El
lunes pasado tuve una entrevista. Me fue bastante bien. Encontré la oferta a
través de Linkedin, lo que me hace pensar que la página es bastante seria. Me
dijeron que me llamarían al final de la semana.
Toda
contenta hago las maletas y me voy con mi hombre unos días de relax (más). No
es que nos haya tocado la lotería, qué va, es que tenemos familiares y
conocidos con “posibles”. Así que por el módico precio de dos billetes de 35
euros de Ryanair hemos disfrutado de unas mini vacaciones (más).
Nada
más aterrizar en nuestro idílico destino suena el teléfono. Pensé que era mi
madre para saber si habíamos llegado, quién si no. Qué equivocada estaba. Me
llamaban de una de las empresas que me entrevistaron hace cinco meses y de la
que nunca tuve más noticias. Y era para hacerme una oferta. Sí, sí, a mí, a la
que nunca llega al final de los procesos de selección. Yo, crecida no, lo
siguiente, dije que estaba fuera y que esta semana no podía ser (por supuesto
estaba dispuesta a tomarme un avión de vuelta en ese mismo instante, pero quería
tantear y hacerme valer). “Ningún problema, por supuesto. Cuando tú puedas”. Hemos
quedado el lunes.

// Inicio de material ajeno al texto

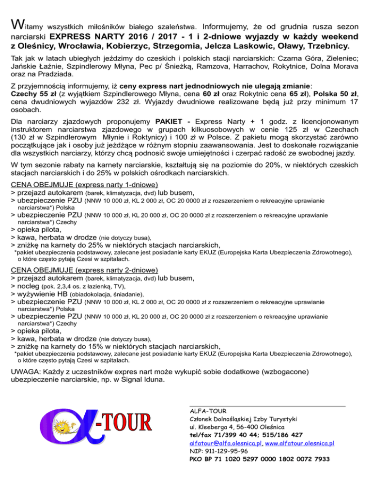 Witamy wszystkich miłośników białego szaleństwa. Informujemy, że od grudnia rusza sezon narciarski EXPRESS NARTY 2016 / 2017 - 1 i 2-dniowe wyjazdy w każdy weekend z Oleśnicy, Wrocławia, Kobierzyc, Strzegomia, Jelcza Laskowic, Oławy, Trzebnicy. Tak jak w latach ubiegłych jeździmy do czeskich i polskich stacji narciarskich: Czarna Góra, Zieleniec; Jańskie Łaźnie, Szpindlerowy Młyna, Pec p/ Śnieżką, Ramzova, Harrachov, Rokytnice, Dolna Morava oraz na Pradziada. Z przyjemnością informujemy, iż ceny express nart jednodniowych nie ulegają zmianie: Czechy 55 zł (z wyjątkiem Szpindlerowego Młyna, cena 60 zł oraz Rokytnic cena 65 zł), Polska 50 zł, cena dwudniowych wyjazdów 232 zł. Wyjazdy dwudniowe realizowane będą już przy minimum 17 osobach. Dla narciarzy zjazdowych proponujemy PAKIET - Express Narty + 1 godz. z licencjonowanym instruktorem narciarstwa zjazdowego w grupach kilkuosobowych w cenie 125 zł w Czechach (130 zł w Szpindlerowym Młynie i Roktynicy) i 100 zł w Polsce. Z pakietu mogą skorzystać zarówno początkujące jak i osoby już jeżdżące w różnym stopniu zaawansowania. Jest to doskonałe rozwiązanie dla wszystkich narciarzy, którzy chcą podnosić swoje umiejętności i czerpać radość ze swobodnej jazdy. W tym sezonie rabaty na karnety narciarskie, kształtują się na poziomie do 20%, w niektórych czeskich stacjach narciarskich i do 25% w polskich ośrodkach narciarskich. CENA OBEJMUJE (express narty 1-dniowe) > przejazd autokarem (barek, klimatyzacja, dvd) lub busem, > ubezpieczenie PZU (NNW 10 000 zł, KL 2 000 zł, OC 20 0000 zł z rozszerzeniem o rekreacyjne uprawianie narciarstwa*) Polska > ubezpieczenie PZU (NNW 10 000 zł, KL 20 000 zł, OC 20 0000 zł z rozszerzeniem o rekreacyjne uprawianie narciarstwa*) Czechy > opieka pilota, > kawa, herbata w drodze (nie dotyczy busa), > zniżkę na karnety do 25% w niektórych stacjach narciarskich, *pakiet ubezpieczenia podstawowy, zalecane jest posiadanie karty EKUZ (Europejska Karta Ubezpieczenia Zdrowotnego), o które często pytają Czesi w szpitalach. CENA OBEJMUJE (express narty 2-dniowe) > przejazd autokarem (barek, klimatyzacja, dvd) lub busem, > nocleg (pok. 2,3,4 os. z łazienką, TV), > wyżywienie HB (obiadokolacja, śniadanie), > ubezpieczenie PZU (NNW 10 000 zł, KL 2 000 zł, OC 20 0000 zł z rozszerzeniem o rekreacyjne uprawianie narciarstwa*) Polska > ubezpieczenie PZU (NNW 10 000 zł, KL 20 000 zł, OC 20 0000 zł z rozszerzeniem o rekreacyjne uprawianie narciarstwa*) Czechy > opieka pilota, > kawa, herbata w drodze (nie dotyczy busa), > zniżkę na karnety do 15% w niektórych stacjach narciarskich, *pakiet ubezpieczenia podstawowy, zalecane jest posiadanie karty EKUZ (Europejska Karta Ubezpieczenia Zdrowotnego), o które często pytają Czesi w szpitalach. UWAGA: Każdy z uczestników expres nart może wykupić sobie dodatkowe (wzbogacone) ubezpieczenie narciarskie, np. w Signal Iduna. ALFA-TOUR Członek Dolnośląskiej Izby Turystyki ul. Kleeberga 4, 56-400 Oleśnica tel/fax 71/399 40 44; 515/186 427 [email protected], www.alfatour.olesnica.pl NIP: 911-129-95-96 PKO BP 71 1020 5297 0000 1802 0072 7933 Godziny odjazdów i przystanki (Jańskie Łaźnie, Pec pod Śnieżką, Harrachov): 6.00-Oleśnica Hotel Perła; 6.25-Wrocław Korona parking nad przystankiem MPK; 6.35-Wrocław Urząd Wojewódzki; 6.45-Wrocław zatoczka autobusowa za rogiem Hallera i Powstańców Śl.; 7.30-Strzegom stacja paliw Shell al. Wojska Polskiego; Godziny odjazdów i przystanki (Zieleniec, Czarna Góra, Dolna Morava): 6.00-Oleśnica Hotel Perła; 6.25-Wrocław Korona parking nad przystankiem MPK; 6.35-Wrocław Urząd Wojewódzki; 6.45-Wrocław zatoczka autobusowa za rogiem Hallera i Powstańców Śl.; 7.00-Kobierzyce stacja paliw Shell ul. Witosa; Godziny odjazdów i przystanki (Ramzova): 6.00-Oleśnica Hotel Perła; 6.25-Wrocław Korona parking nad przystankiem MPK; 6.35-Wrocław Urząd Wojewódzki; 6.55 Oława stacja paliw Shell ul. Kutrowskiego; Godziny odjazdów i przystanki (Pradziad): 5.30-Oleśnica Hotel Perła; 5.55-Wrocław Korona parking nad przystankiem MPK; 6.05-Wrocław Urząd Wojewódzki; 6.25 Oława stacja paliw Shell ul. Kutrowskiego; Godziny odjazdów i przystanki (Szpindlerowy Młyn, Harrachov-Rokytnice 2-dniowe,Rokytnice): 5.30-Oleśnica Hotel Perła; 5.55-Wrocław Korona parking nad przystankiem MPK; 6.15-Wrocław zatoczka autobusowa za rogiem Hallera i Powstańców Śl.; 7.00-Strzegom stacja paliw Shell Al. Wojska Polskiego; Promocja co czwarty wyjazd gratis pozostaje bez zmian (3 wyjazdy pełnopłatne - 4 gratis). Promocje i zniżki pakietowe, grupowe itp. nie sumują i nie nakładają się, dotyczą tylko i wyłącznie pełnopłatnych wyjazdów 1-dniowych. Z w/w promocji wyłączone są wyjazdy 2-dniowe, będą one zaliczane tylko i wyłącznie do puli wyjazdów gratisowych 1-dniowych (np. wyjazd 2-dniowy + wyjazd 1-dniowy, kolejny jednodniowy GRATIS). Gratisy nie przechodzą na przyszły sezon 2017/2018, tym samym nie przechodzą z poprzedniego sezonu na sezon obecny, a także nie można przerzucić gratisu na inną osobę. Prosimy nie czekać z wykorzystaniem gratisu do końca sezonu, ponieważ wyjazdy na express narty są wyjazdami z wolnego naboru i w przypadku braku wymaganego minimum, wyjazd zostaje odwołany, wówczas nie będzie możliwości wykorzystania gratisu, ani przeniesienie go na sezon następny. PAKIET grupa od 7 osób, ósma jedzie Free (48 zł/ os. Czechy, 44 zł/os. Polska) Pakiet grupowy obowiązuje przy pełnej wpłacie za 7 osób, przez jedną osobę. Przy rezygnacji jednej i więcej osób obowiązuje dopłata do pełnej kwoty (8 zł Czechy, 6 zł Polska). W pakiecie grupowym nie obowiązuje promocja „czwarty wyjazd gratis” PAKIET RODZINA (2+1, 1 +2): rodzice + dzieci w wieku szkolnym do lat 13, cena: 39 zł/os. (pakiet rodzina dotyczy Czarnej Góry i Zieleńca). Przy rezygnacji jednej i więcej osób obowiązuje dopłata do pełnej kwoty

Se me puso una cara de orgullo y de comerme el mundo que
había que verme. No pienso en otra cosa desde entonces.
Al día
siguiente otra vez el teléfono. Esta vez el de mi marido. Para citarle para una
entrevista. Lo mismo, “estoy fuera, no puedo hasta la semana que viene” (y yo
mientras buscando vuelos en internet para la tarde). Pero como todo tiene sus
tiempos y la gente es medianamente comprensible le han citado para el lunes.
Pero
esto no termina. Ayer me enviaron un mail de la empresa 1 (ver 1er párrafo)
para decirme que había pasado a la segunda fase del proceso. El siguiente paso
es preparar un caso práctico. También para el lunes.
Queda
demostrado que no hay nada como relajarse y olvidarse un poco para que el tema
fluya. Ya veremos la semana que viene. Ahora mismo tengo la autoestima por las
nubes.
Baja
Modesto que subo yo.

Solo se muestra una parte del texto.